National Consumer Tribunal acts against unscrupulous car dealers, but beware pitfalls warns expert
This is the message from Trudie Broekmann, a consumer attorney in South Africa.
Broekmann said that of the 31 key cases that were heard by the National Consumer Tribunal in the past 14 months, 21 revolved around defective motor vehicles. Seven of those claims were dismissed as they had expired due to prescription. In six cases the Tribunal imposed stiff fines against the offending supplier, and four of those were second-hand car dealers.
“We urge dealerships to stop taking their advice from industry associations like the Retail Motor Industry (RMI), Independent Dealers’ Association or blue-chip dealers who have no understanding of consumer law. We’ve come across several of these operators who reassure their members they have no liability when that is highly inaccurate and dangerous advice,” warned Broekmann.
In terms of section 56 of the Consumer Protection Act, a car purchased from a motor vehicle dealer that is defective and returned to the dealer within six months of the purchase date, must be repaired or replaced by the dealer or the dealer must refund the consumer the full purchase price.
Nothing in the consumer’s contract with the dealership or the vehicle finance provider can take away this right.
The National Consumer Tribunal will order the dealer to pay back the consumer if there is a substantial defect, something which affects the safety or drivability of the car or makes a substantial difference to the value of the car.
The Tribunal will not assist you to demand your money back from the dealer in the case of a cosmetic or minor defect. Examples are a rattle or scraping sound, minor leak, non-aligned boot lid, non-matching rims, faulty electronics causing the key not to be recognized, or where flaws were specifically pointed out to the consumer before purchase.
The consumer can claim repair costs for minor or cosmetic defects that were not pointed out to the consumer before purchase, where the defect was present at the time the consumer bought the car.
“We see from the rulings that the Tribunal will order the dealership to refund the consumer where there is clear evidence of a defective gearbox or engine trouble which causes the car to break down, a blown gasket, a serious oil leak, or poor prior accident repairs, combined with a variety of smaller faults which would cost over R100,000 to repair,” Broekmann added.

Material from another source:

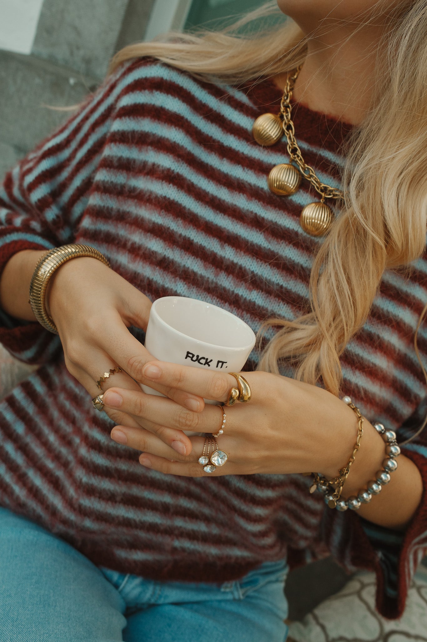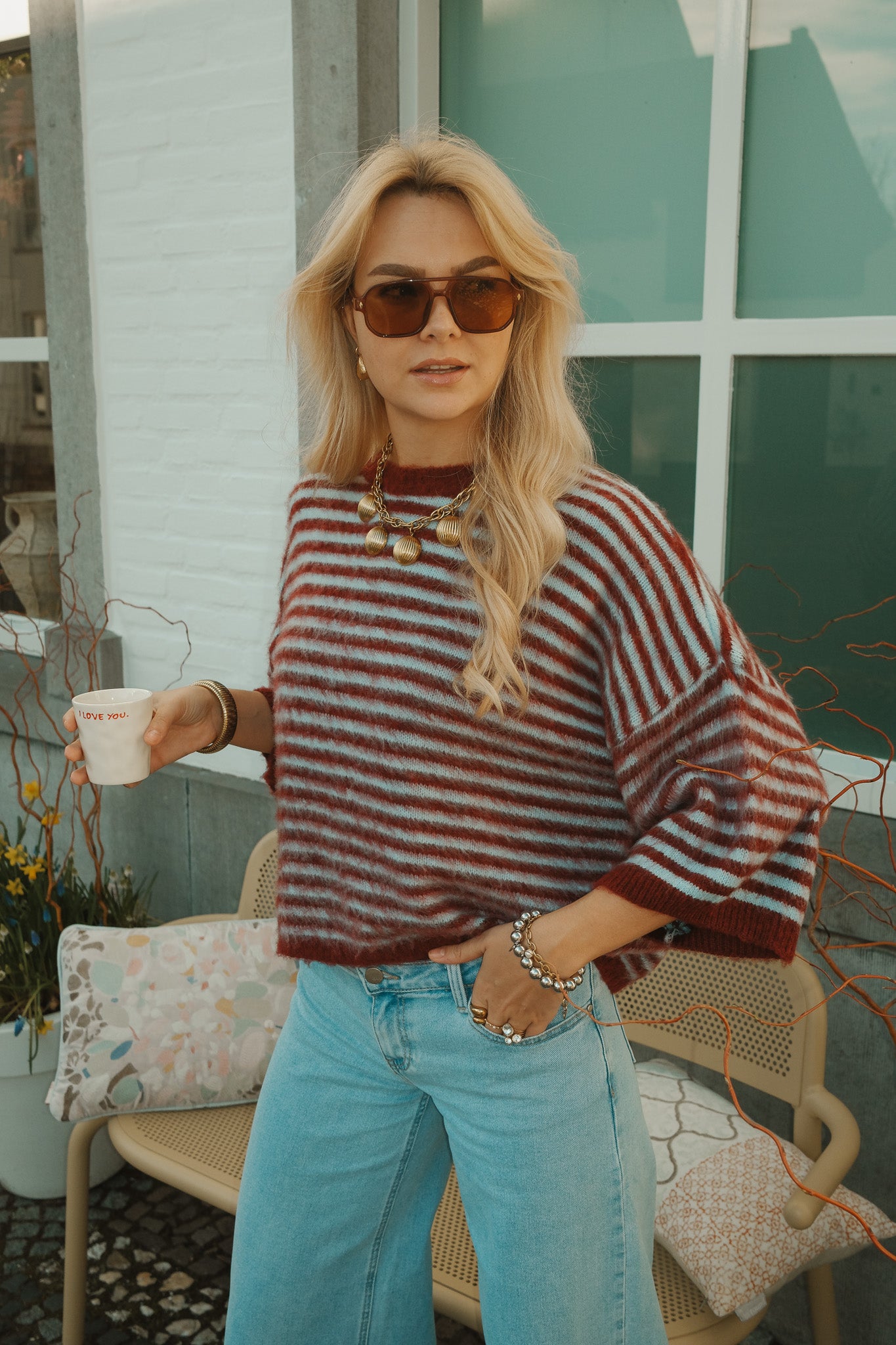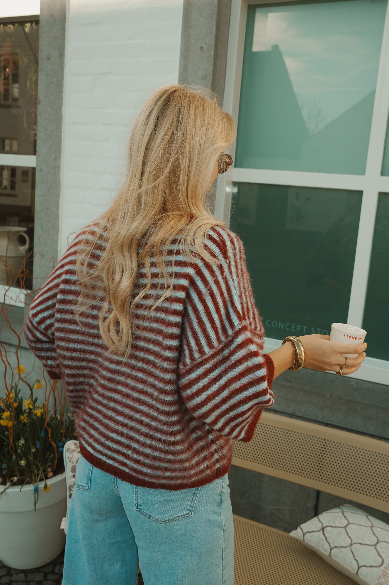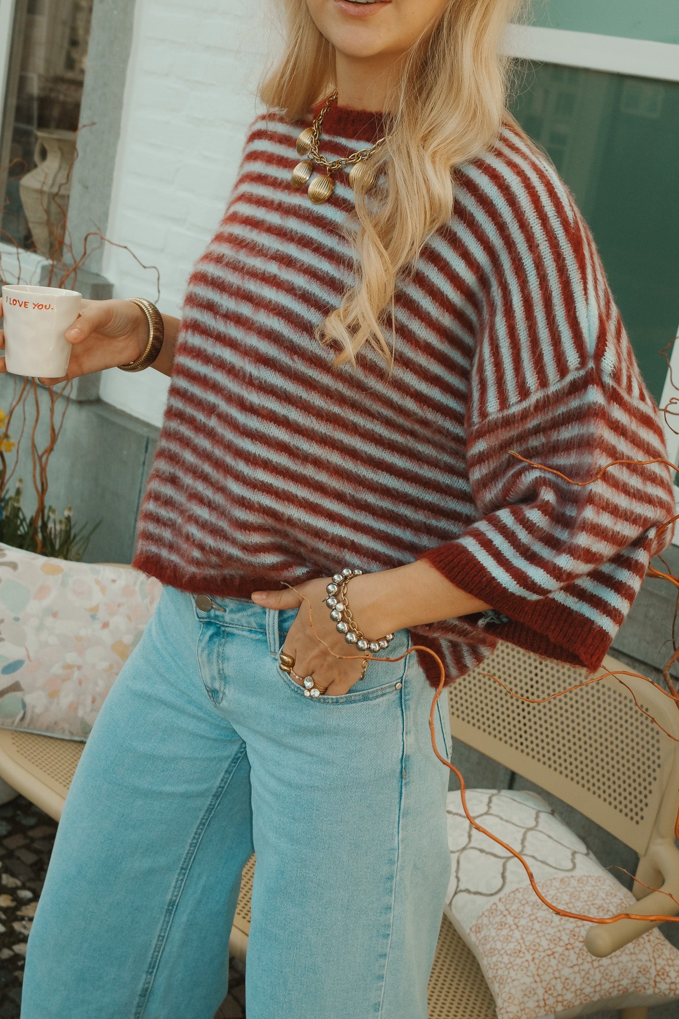 De Jules knit is een zachte statement trui met een warme bordeaux basis en fijne lichtblauwe strepen. De fluffy structuur en losvallende fit geven een comfortabele, luxe uitstraling. Perfect te combineren met denim voor een stijlvolle, effortless look.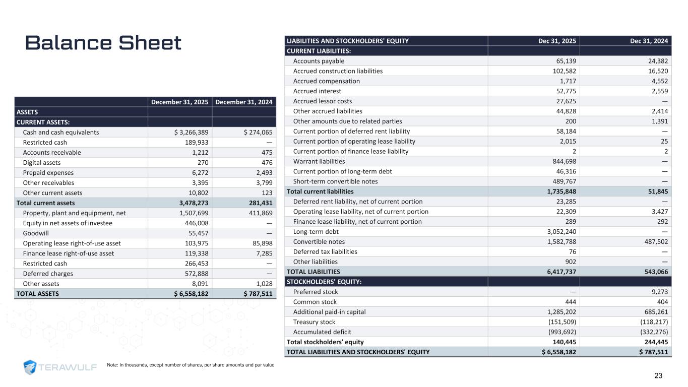 Geom Slide Title – 28 Franklin Gothic Med Header – 14 Franklin Gothic Book Content Text – 14 Franklin Gothic Book Chart Content – 10 RGB 33 – 40 – 64 20 – 135 – 211 129 – 200 – 255 205 – 217 – 225 74 – 88 – 135 Outline: black, ½ pt. 255 – 177 – 0 Note: In thousands, except number of shares, per share amounts and par value 23 Balance Sheet December 31, 2025 December 31, 2024 ASSETS CURRENT ASSETS: Cash and cash equivalents $ 3,266,389 $ 274,065 Restricted cash 189,933 — Accounts receivable 1,212 475 Digital assets 270 476 Prepaid expenses 6,272 2,493 Other receivables 3,395 3,799 Other current assets 10,802 123 Total current assets 3,478,273 281,431 Property, plant and equipment, net 1,507,699 411,869 Equity in net assets of investee 446,008 — Goodwill 55,457 — Operating lease right-of-use asset 103,975 85,898 Finance lease right-of-use asset 119,338 7,285 Restricted cash 266,453 — Deferred charges 572,888 — Other assets 8,091 1,028 TOTAL ASSETS $ 6,558,182 $ 787,511 LIABILITIES AND STOCKHOLDERS' EQUITY Dec 31, 2025 Dec 31, 2024 CURRENT LIABILITIES: Accounts payable 65,139 24,382 Accrued construction liabilities 102,582 16,520 Accrued compensation 1,717 4,552 Accrued interest 52,775 2,559 Accrued lessor costs 27,625 — Other accrued liabilities 44,828 2,414 Other amounts due to related parties 200 1,391 Current portion of deferred rent liability 58,184 — Current portion of operating lease liability 2,015 25 Current portion of finance lease liability 2 2 Warrant liabilities 844,698 — Current portion of long-term debt 46,316 — Short-term convertible notes 489,767 — Total current liabilities 1,735,848 51,845 Deferred rent liability, net of current portion 23,285 — Operating lease liability, net of current portion 22,309 3,427 Finance lease liability, net of current portion 289 292 Long-term debt 3,052,240 — Convertible notes 1,582,788 487,502 Deferred tax liabilities 76 — Other liabilities 902 — TOTAL LIABILITIES 6,417,737 543,066 STOCKHOLDERS' EQUITY: Preferred stock — 9,273 Common stock 444 404 Additional paid-in capital 1,285,202 685,261 Treasury stock (151,509) (118,217) Accumulated deficit (993,692) (332,276) Total stockholders' equity 140,445 244,445 TOTAL LIABILITIES AND STOCKHOLDERS' EQUITY $ 6,558,182 $ 787,511

Claims first have to be dealt with by the Motor Industry Ombud and then have to be investigated by the National Consumer Commission.
“The Motor Industry Ombud’s findings more often than not contradict the clear wording of the Consumer Protection Act. So, consumers are forced to waste time and effort with referrals to the ombud just to receive unreliable outcomes. In the few cases where the ombud finds for the consumer, the dealerships routinely ignore the finding and so consumers are forced to approach the National Consumer Tribunal to obtain redress.
“The Commission is notoriously inactive and by the time they submit the case to the National Consumer Tribunal it has often already expired. This was the case in seven of the recent vehicle cases before the Tribunal, which is heartbreaking.
“If a consumer refers the matter to the consumer commission and they drag their feet, the right procedure is to request a notice of non-referral from the commission and then immediately refer the claim to the tribunal,” said Broekmann.
The tribunal has made it clear in one of their rulings that consumers must not refuse to make use of their warranty to fund any repairs that may be needed, if such a warranty is in place.
Likewise, they have ruled that they take a dim view of any dealership that does not conclude a formal written contract with a consumer. The Tribunal also doesn’t allow a dealership or workshop to charge storage fees when the consumer refuses to pay due to a valid dispute.